Eating Out

Though Prague is better known for its beauty and history than its restaurant scene, visitors will be surprised by the quality of cuisine on offer. Foodies should begin their trip at a gastro-pub, where hearty roast meat dishes complement the country's renowned beer. The most common meat is pork, as it pairs perfectly with an ice-cold Pilsner Urquell. Knedliky (boilee, sliced dumplings) are a common accompaniment to meals.

Travellers with a sweet tooth can sample the many pastries in Prague, such as Kolache, a type of yeast pastry filled with anything from fruits to cheeses, or poppy seed doughnuts, and many street vendors selling local Czech-style hot dogs and mulled wine.

International options range from Indian to Indonesian and Uruguayan cuisine. The most popular dining areas in the city are the Stare Mesto (Old Town), Nove Mesto (New Town) and Vinohrady, and it is customary to tip waiters 10 to 15 percent, though some restaurants in popular tourist areas will add a gratuity.

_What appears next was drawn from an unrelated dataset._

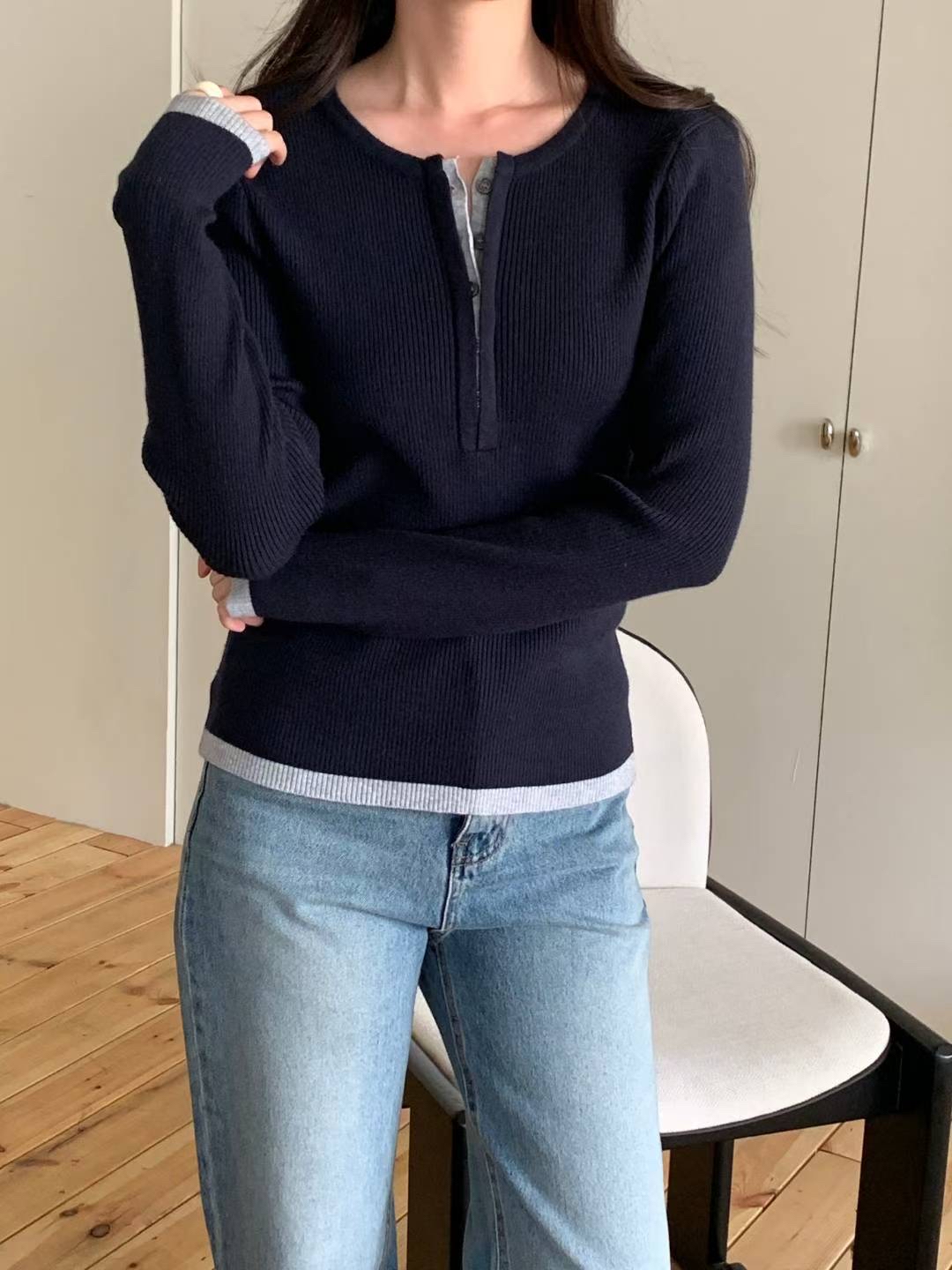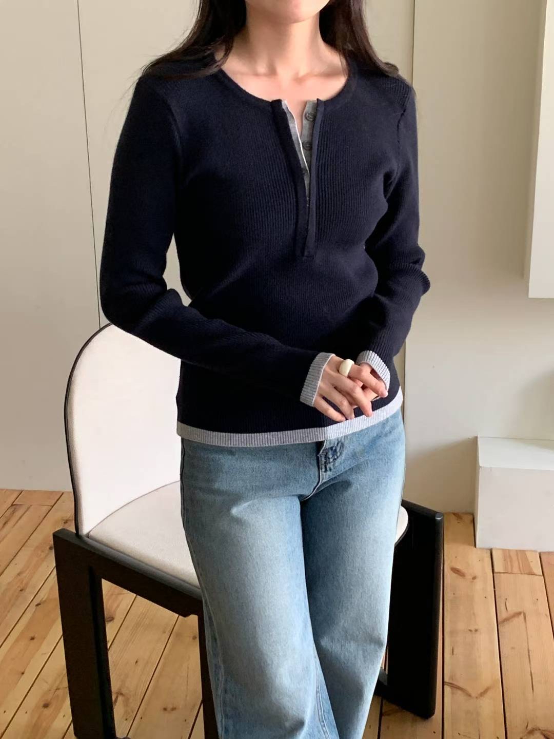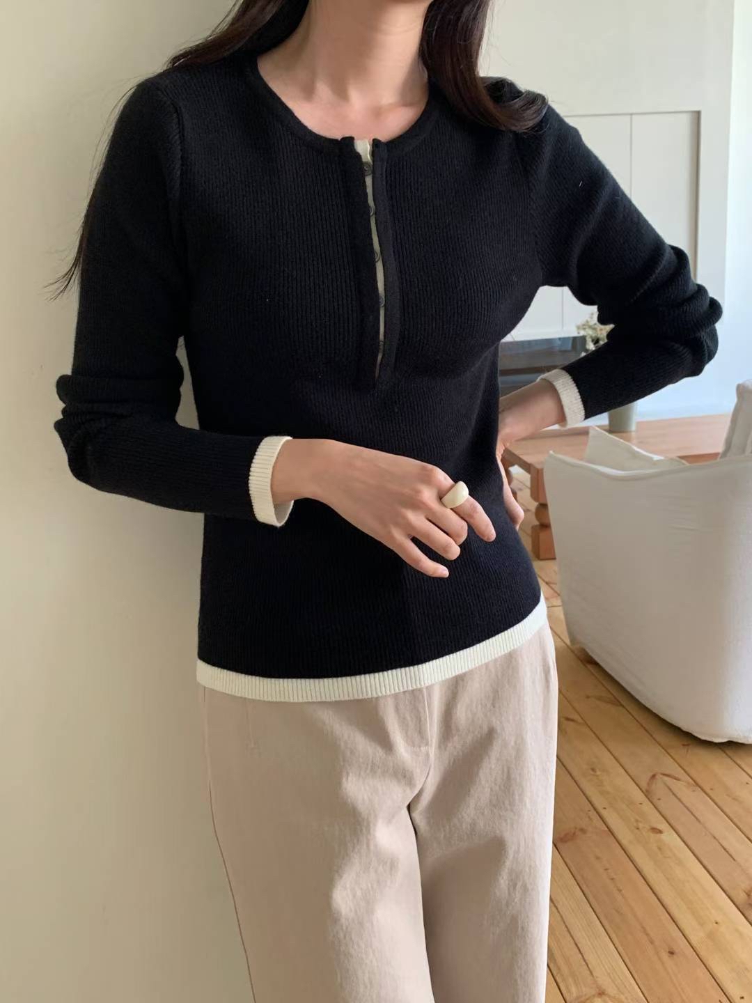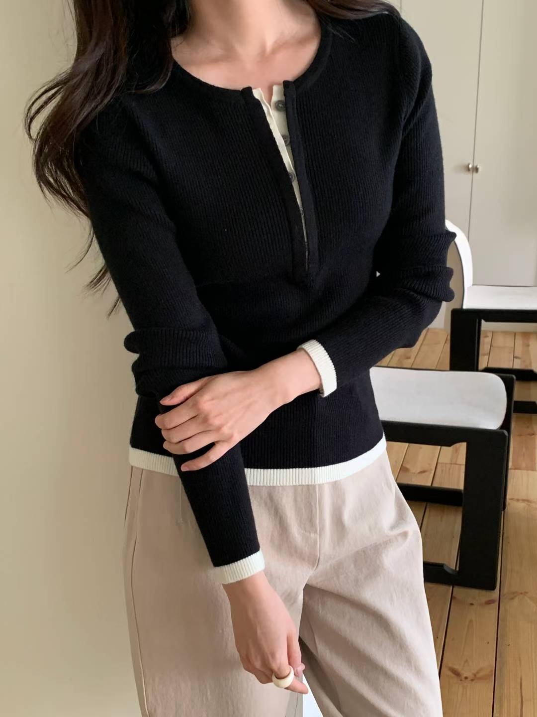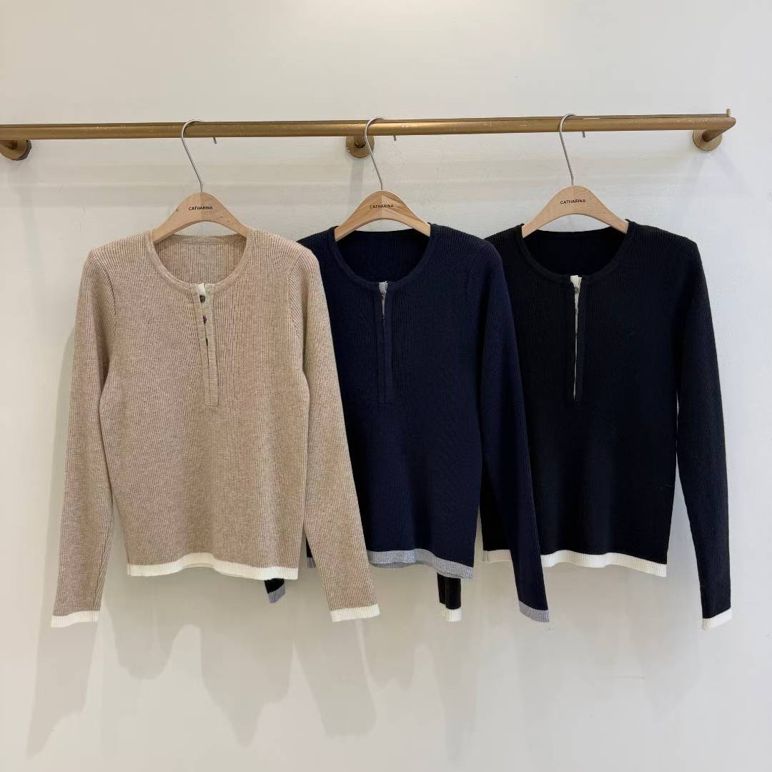 CT14 開鈕拼色針織Top

While shopping in Prague isn't quite on a par with some other top cities in Europe, many shopping malls have popped up in recent years, offering an ever-wider selection of products. The growing competition has led to better prices for customers, making shopping in Prague refreshingly budget friendly by European standards.

The main shopping area in Prague extends from Wenceslas Square, past Na Prikope and into Republic Square. The Parizska area has some international fashion brand boutiques, while Mala Strana and the Old Town Square are home to small shops and art galleries. The Old Town Square also has a permanent market selling arts, crafts and souvenirs. Much of what visitors will find on the thoroughfare between Charles Bridge and Old Town Square is mass-produced and overpriced, though the souvenir shopping along this stretch is fun. There are several shopping malls in Prague, including the upscale Palladium in the centre of the city; Metropole Zlicin, which has cinemas and fast-food eateries near the bus station; and the huge OC Novy Smichov.

Local products include crystal ware and accessories, puppets, hand-painted eggs, wooden toys, folk art and memorabilia from the communist era (army surplus hats, knives and badges). Many artists sell pen-and-ink drawings on the street and, of course, visitors will find many Prague souvenirs bearing the face of native son and renowned author, Franz Kafka. Locally mined Czech garnets are also popular, but shoppers should make sure they get a certificate of authenticity, as it can be hard to identify fakes. Travellers will find Czech craft beer and cider shops in the alternative neighbourhood, Žižkov.

Most shops are open from 9am to 7pm, with some large supermarkets staying open till 10pm or even 24 hours a day. Shops in the city centre and tourist destinations are generally open on weekends. Some sales tax refunds are available to non-EU citizens.


Prague's nightlife offers something for everyone, from casual pubs and bars to sophisticated lounges, live music venues and famous dance clubs. The capital's most popular nightclubs are situated right in the heart of Old Town.

Visitors should note that the custom in Prague is to share tables with strangers if things get crowded. Tourists can also go on organised pub crawls that start each night around 9pm, with partygoers meeting at landmarks such as the clock tower, and other central venues around Prague. The city has also become a popular European stag- and hen-party destination, further fuelling the already lively club and bar scene. Generally speaking, dance clubs in Prague charge admission fees on Thursdays, Fridays and Saturdays, but are usually free between Sunday and Wednesday.

For a more relaxed evening, the National Marionette Theatre is renowned for performances of Mozart operas, and classical music lovers will enjoy attending other top-class venues and experiencing wonderful performances. If their passion for classical runs especially deep, they should ensure that they visit Prague during the Prague Spring International Music Festival, or its counterpart in autumn, when the city comes alive with world-class classical-music performances.